Stored data
┌──

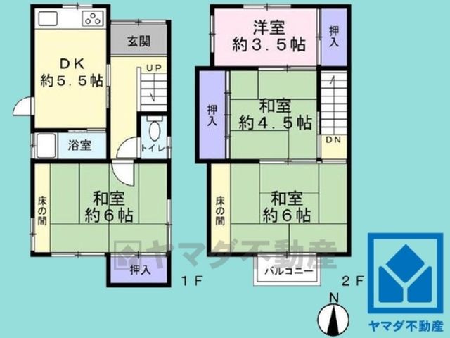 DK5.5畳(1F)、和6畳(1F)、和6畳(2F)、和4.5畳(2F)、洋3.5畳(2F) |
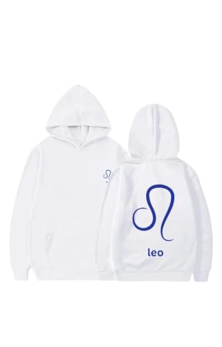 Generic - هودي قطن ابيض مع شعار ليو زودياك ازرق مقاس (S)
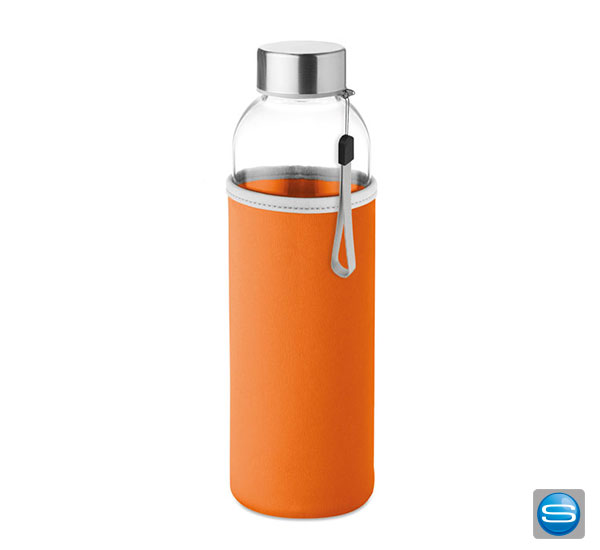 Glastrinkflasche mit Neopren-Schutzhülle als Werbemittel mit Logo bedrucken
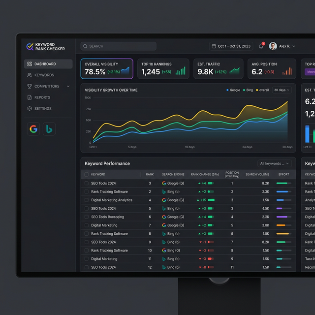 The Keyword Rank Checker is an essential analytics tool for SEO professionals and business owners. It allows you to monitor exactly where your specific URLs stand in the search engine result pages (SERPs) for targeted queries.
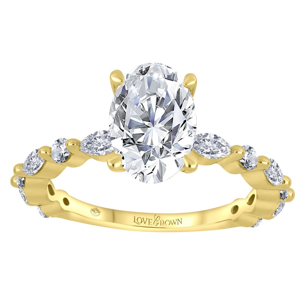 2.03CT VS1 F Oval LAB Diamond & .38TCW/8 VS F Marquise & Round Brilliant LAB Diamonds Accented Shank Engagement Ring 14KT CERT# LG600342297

└──
┌──

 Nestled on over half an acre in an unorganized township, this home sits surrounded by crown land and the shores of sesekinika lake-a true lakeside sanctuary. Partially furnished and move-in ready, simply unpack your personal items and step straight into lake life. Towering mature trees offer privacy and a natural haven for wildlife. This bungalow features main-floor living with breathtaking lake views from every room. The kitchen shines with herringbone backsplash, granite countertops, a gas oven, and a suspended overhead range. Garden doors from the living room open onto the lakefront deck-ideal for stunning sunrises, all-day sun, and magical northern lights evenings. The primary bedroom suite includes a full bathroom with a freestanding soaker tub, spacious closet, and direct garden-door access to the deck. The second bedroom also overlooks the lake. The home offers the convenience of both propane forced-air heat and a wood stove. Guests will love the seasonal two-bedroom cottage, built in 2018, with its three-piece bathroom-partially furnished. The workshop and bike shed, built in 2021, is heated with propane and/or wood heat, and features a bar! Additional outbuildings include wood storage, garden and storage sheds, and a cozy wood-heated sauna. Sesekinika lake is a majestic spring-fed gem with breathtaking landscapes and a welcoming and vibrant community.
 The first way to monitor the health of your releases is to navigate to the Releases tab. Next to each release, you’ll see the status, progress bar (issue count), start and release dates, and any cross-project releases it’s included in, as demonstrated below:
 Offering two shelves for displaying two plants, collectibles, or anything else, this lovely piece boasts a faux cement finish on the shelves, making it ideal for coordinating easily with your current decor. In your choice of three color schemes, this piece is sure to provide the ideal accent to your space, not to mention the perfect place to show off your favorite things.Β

└──
┌──

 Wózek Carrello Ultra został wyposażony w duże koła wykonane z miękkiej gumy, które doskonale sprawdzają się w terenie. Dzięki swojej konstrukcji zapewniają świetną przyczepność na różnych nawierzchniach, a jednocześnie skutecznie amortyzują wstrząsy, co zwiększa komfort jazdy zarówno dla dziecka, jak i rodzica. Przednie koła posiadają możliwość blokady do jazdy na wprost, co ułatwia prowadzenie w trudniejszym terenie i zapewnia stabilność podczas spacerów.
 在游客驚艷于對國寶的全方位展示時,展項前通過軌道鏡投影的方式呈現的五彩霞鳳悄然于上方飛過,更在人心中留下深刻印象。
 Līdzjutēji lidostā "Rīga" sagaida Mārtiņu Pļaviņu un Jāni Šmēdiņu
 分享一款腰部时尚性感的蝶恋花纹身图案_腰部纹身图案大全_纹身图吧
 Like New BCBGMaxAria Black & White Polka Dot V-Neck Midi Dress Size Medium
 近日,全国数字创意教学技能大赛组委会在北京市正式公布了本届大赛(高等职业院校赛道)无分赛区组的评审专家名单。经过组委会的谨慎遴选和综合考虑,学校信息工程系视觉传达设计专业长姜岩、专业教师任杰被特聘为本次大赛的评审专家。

└──

Problem to work on
Lines holding the word "with" in the entries above are the ones to pull out. Copy them all.

Solution
 Nestled on over half an acre in an unorganized township, this home sits surrounded by crown land and the shores of sesekinika lake-a true lakeside sanctuary. Partially furnished and move-in ready, simply unpack your personal items and step straight into lake life. Towering mature trees offer privacy and a natural haven for wildlife. This bungalow features main-floor living with breathtaking lake views from every room. The kitchen shines with herringbone backsplash, granite countertops, a gas oven, and a suspended overhead range. Garden doors from the living room open onto the lakefront deck-ideal for stunning sunrises, all-day sun, and magical northern lights evenings. The primary bedroom suite includes a full bathroom with a freestanding soaker tub, spacious closet, and direct garden-door access to the deck. The second bedroom also overlooks the lake. The home offers the convenience of both propane forced-air heat and a wood stove. Guests will love the seasonal two-bedroom cottage, built in 2018, with its three-piece bathroom-partially furnished. The workshop and bike shed, built in 2021, is heated with propane and/or wood heat, and features a bar! Additional outbuildings include wood storage, garden and storage sheds, and a cozy wood-heated sauna. Sesekinika lake is a majestic spring-fed gem with breathtaking landscapes and a welcoming and vibrant community.
 Offering two shelves for displaying two plants, collectibles, or anything else, this lovely piece boasts a faux cement finish on the shelves, making it ideal for coordinating easily with your current decor. In your choice of three color schemes, this piece is sure to provide the ideal accent to your space, not to mention the perfect place to show off your favorite things.Β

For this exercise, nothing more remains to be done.